■ **Task description**
Quote the material exactly from the line that contains "Irolex Bulgaria: Exploring" through its last line. Any pictures are to be left out.

■ **Exercise materials**
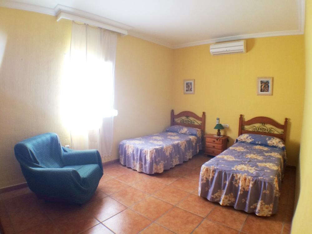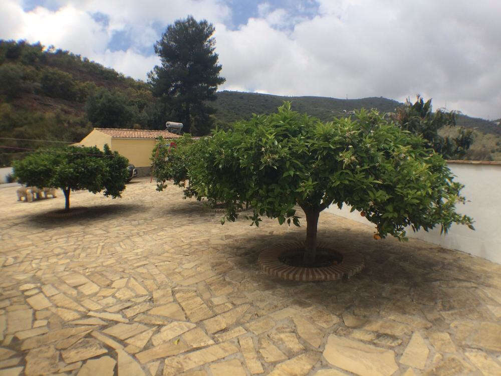 Fantastic Villa set in the countryside surrounded by an abundance of fruit trees and plants. The ground floor of the villa comprises of a spacious lounge with fireplace, dining area, fully fitted kitchen, 3 bedrooms and 1 bathroom. There is also a seating area on the covered terrace at the front. The upper floor is accessed by stairs on the outside of the property and has its own entrance. This floor has a lounge area, a bedroom and a bathroom, and a huge terrace which has uninterrupted sun! The villa is accessed via a good track/road, and has an electric fence at the entrance of the long driveway and ample parking area, a large private swimming pool and gardens. There is also a BBQ area and a separate outhouse for storage.
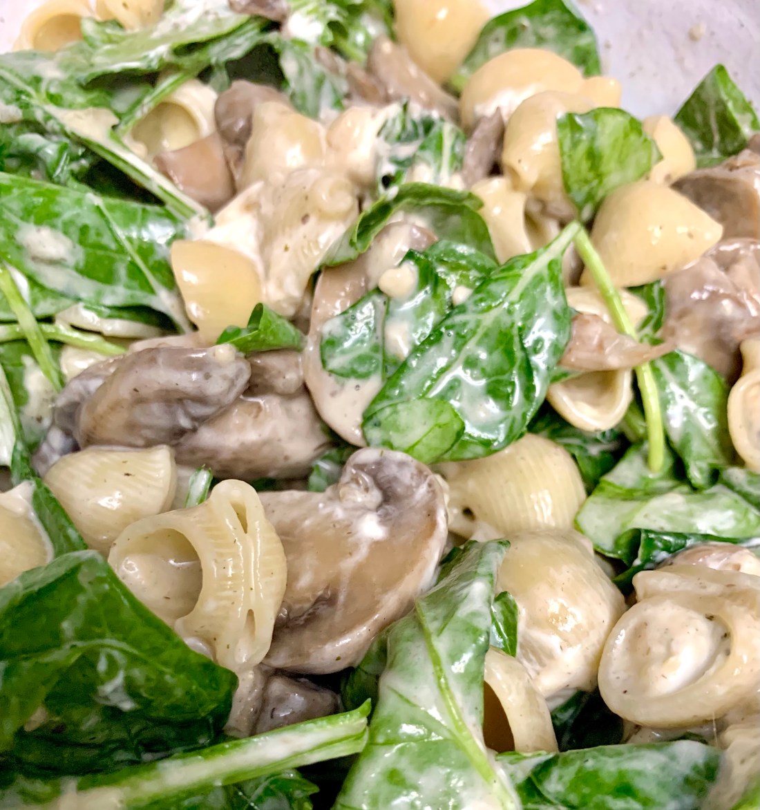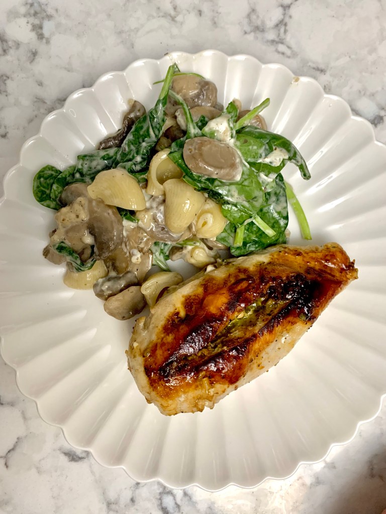 I adapted the recipe a bit because I wanted to cut some of the carbs and cream so I’d feel slightly less guilty about it. My adapted version still came out extra tasty (and reheated really well the next day). Start by cooking the pasta according to package directions. I probably used 1/3 of a box of my new fave shape, pipe rigate. Reserve 1/3 c. pasta water, drain, and set aside while you make the sauce. Heat some butter in a large skillet or pot over medium, add sliced button mushrooms (I used 2 boxes aka 16 oz), and sauté until they’re nice and soft (about 7 minutes). Add 1 sliced shallot and 1/3 c. white wine or chicken stock. Stir it up, add some half and half (maybe 1/3 of a cup), and stir some more. Let the mushroom sauce simmer until it reduces. Add the sauce to the pasta and toss with a bit of the pasta water. Toss several large handfuls of fresh spinach, 1/4 c. parmesan (eyeball it), more pasta water, more tossing. Crumble in some goat cheese (maybe 3 oz?) and toss again before serving. Note: if you prefer your spinach extra wilted down, I’d recommend adding it directly to the mushroom sauce.
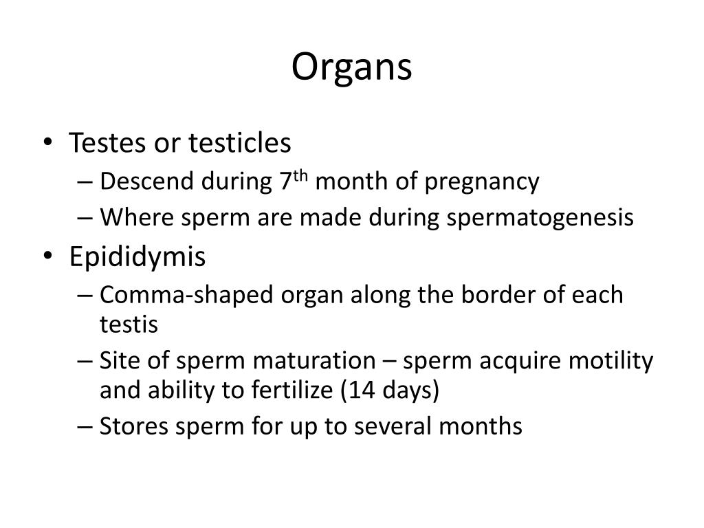 Organs • Testes or testicles • Descend during 7th month of pregnancy • Where sperm are made during spermatogenesis • Epididymis • Comma-shaped organ along the border of each testis • Site of sperm maturation – sperm acquire motility and ability to fertilize (14 days) • Stores sperm for up to several months
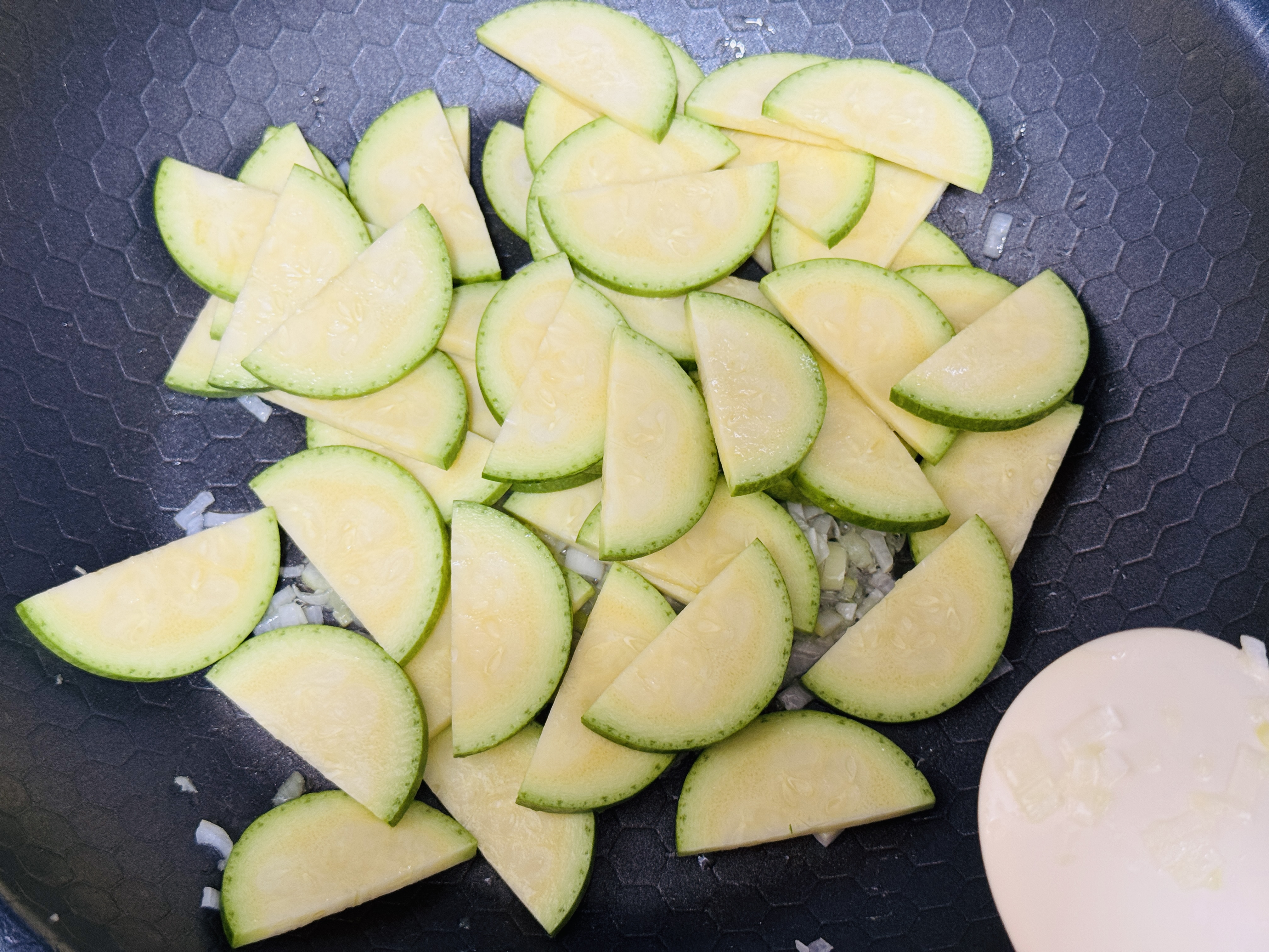 향이 올라오면 애호박을 넣어 볶아줍니다.
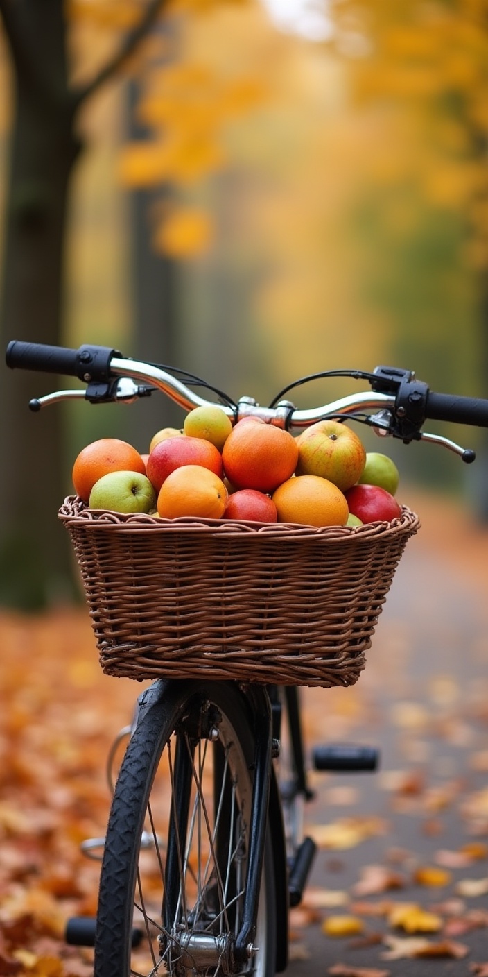 A bicycle with a wicker basket full of colorful fruit rests on a path surrounded by autumn foliage, showcasing seasonal beauty and harvest.
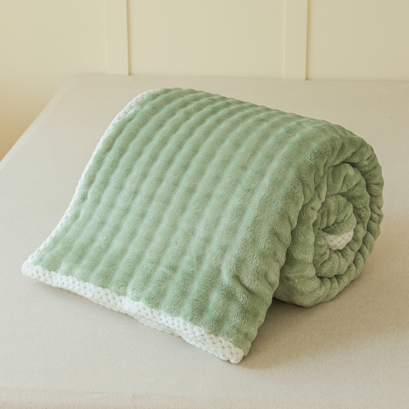 蓝冰家纺 2024新款仿兔毛绒毛毯毯子 墨绿色
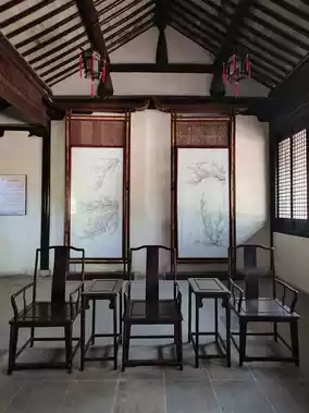 Plum Blossom Hall in Xiangshan is located near the parking lot at the top of Xiangshan Scenic Area. It consists of two rows of single-story buildings connected by a long corridor, featuring dark tile roofs and gray walls, exuding a simple and dignified charm. The great Song Dynasty literary master Su Dongpo once stopped and stayed here. In the center of the front hall, slightly towards the back, there is a folding screen with a plaque above it inscribed with "Fragrance Gives Birth to a Cluster of Jade." On the dark red pillars on both sides, a couplet is carved: "Spring follows the fragrant grass, blooming for a thousand years; people are as pure as plum blossoms." In front of the screen is a portrait of Xu Xiake, with an inscription on the base explaining Xu Xiake's connection to Xiangshan. The folding screen in the rear hall features a large relief depicting the main scenic spots of Xiangshan. Under the eaves behind Plum Blossom Hall, there is also a plaque featuring calligraphy by Emperor Qianlong, recording his words: "The river and sky are of one color." On both sides, there is another couplet: "The old poet does not know the style of plum blossoms, but looks instead at the green leaves and branches." Behind the building is a pond with clear rippling water, said to be the pool where Su Dongpo washed his inkstone and brushes after writing poetry and painting, known as the "Inkstone Washing Pool."
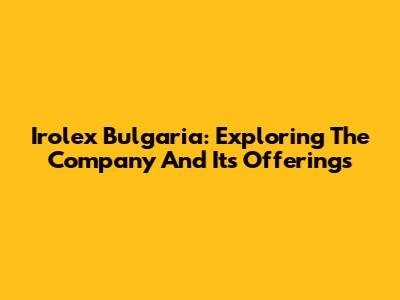 Irolex Bulgaria: Exploring The Company And Its Offerings
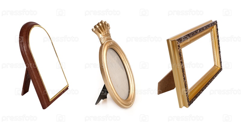 Набор золотых рамок для картин, зеркал или фотографий изолирован в перспективе на белом фоне

■ **Task result**
 Irolex Bulgaria: Exploring The Company And Its Offerings
 Набор золотых рамок для картин, зеркал или фотографий изолирован в перспективе на белом фоне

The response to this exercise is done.